On 7/Jul/20 21:58, Eric Kuhnke wrote:
Watching the growth of terrestrial fiber (and PTP microwave) networks going inland from the west and east African coasts has been interesting. There's a big old C-band earth station on the hill above Freetown, Sierra Leone that was previously the capital's only link to the outside world. Obsoleted for some years now thanks to the submarine cable and landing station. I imagine they might keep things live as a backup path with a small C-band transponder MHz commit and SCPC modems linked to an earth station somewhere in Europe, but not with very much capacity or monthly cost.
The landing station in Mogadishu had a similar effect.

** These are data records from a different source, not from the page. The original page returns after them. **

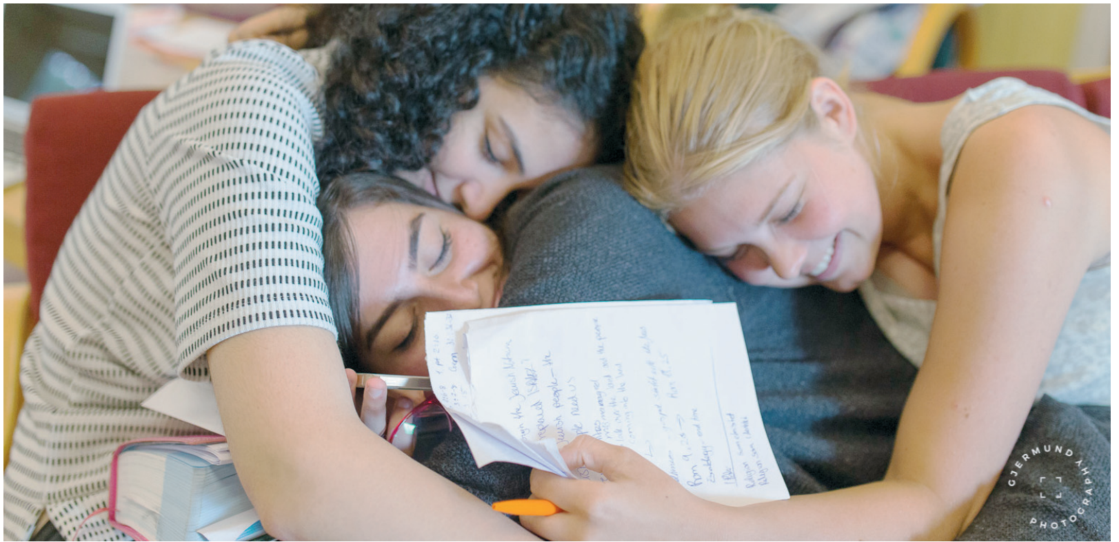
( Illustrasjonsfoto fra BridgeBuilders som er omtalt side 13.)
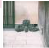
#なら女子旅 #瓦の神様
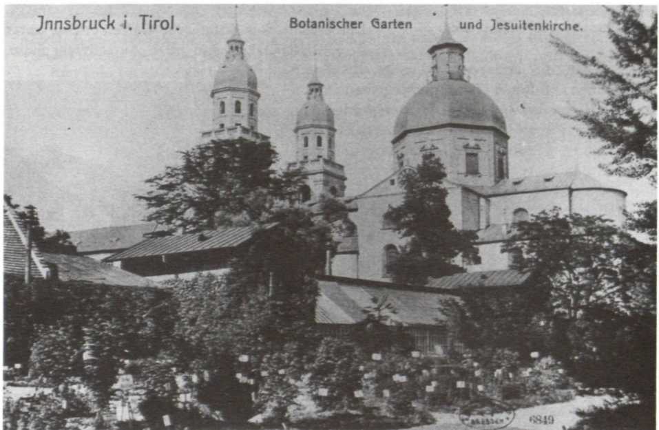
Abb. 1: Der alte Botanische Garten bei der Jesuitenkirche in der Innsbrucker Innenstadt, um 1900; nach einer käuflichen Ansichtskarte (Orig. Stadtarchiv Innsbruck).

Der 1793 am Gelände der heutigen alten Universität gegründete, in der Zeit der Aufhebung der Universität 1809 - 1826 schwer in Mitleidenschaft gezogene Innsbrucker Garten erlebte unter KERNER von 1860 bis zu dessen Berufung nach Wien (1878) die erste
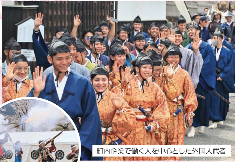
町内企業で働く人を中心とした外国人武者
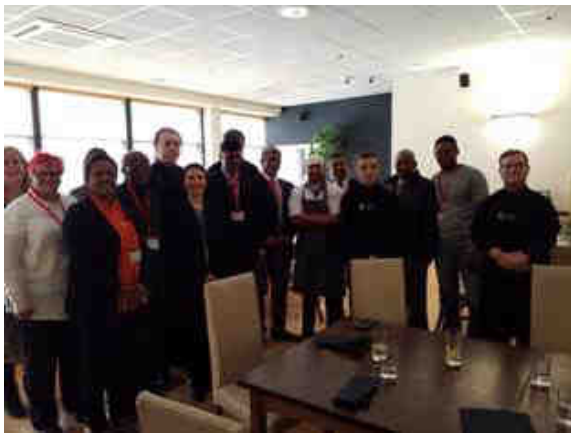
City of Liver Pool College
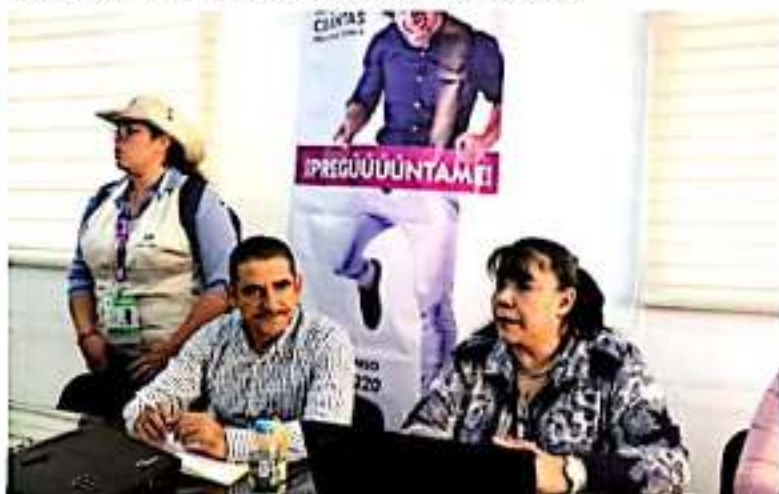
APATZINGÁN, MICH.- En rueda de prensa se explicaron los procedimientos que habrán de seguirse durante 4 semanas que durará el censo.
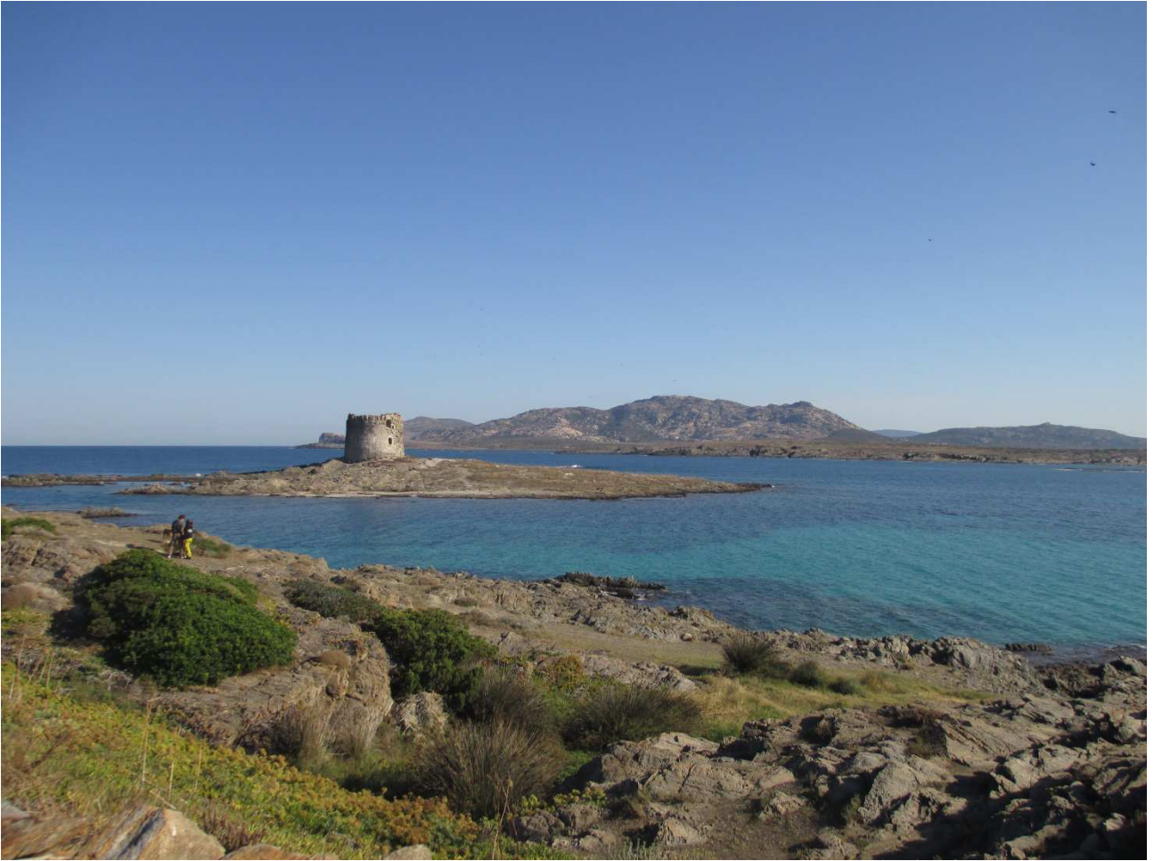
03/10/2015 Stintino ..... la pelosa e i suoi colori

The early years of submarine fibre in Africa always had satellite as a backup. In fact, many satellite companies that served Africa with Internet prior to submarine fibre were banking on subsea and terrestrial failures to remain relevant. It worked between 2009 - 2013, when terrestrial builds and operation had plenty of teething problems. Those companies have since either disappeared or moved their services over to fibre as well. In that time, it has simply become impossible to have any backup capacity on satellite anymore. There is too much active fibre bandwidth being carried around and out of/into Africa for any satellite system to make sense. Rather, diversifying terrestrial and submarine capacity is the answer, and that is growing quite well. Plenty of new cable systems that are launching this year, next year and the next 3 years. At the moment, one would say there is sufficient submarine capacity to keep the continent going in case of a major subsea cut (like we saw in January when both the WACS and SAT-3 cables got cut at the same time, and were out for over a month). Satellite earth stations are not irrelevant, however. They still do get used to provide satellite-based TV services, and can also be used for media houses who need to hook up to their network to broadcast video when reporting in the region (even though uploading a raw file back home over the Internet is where the tech. has now gone). Mark.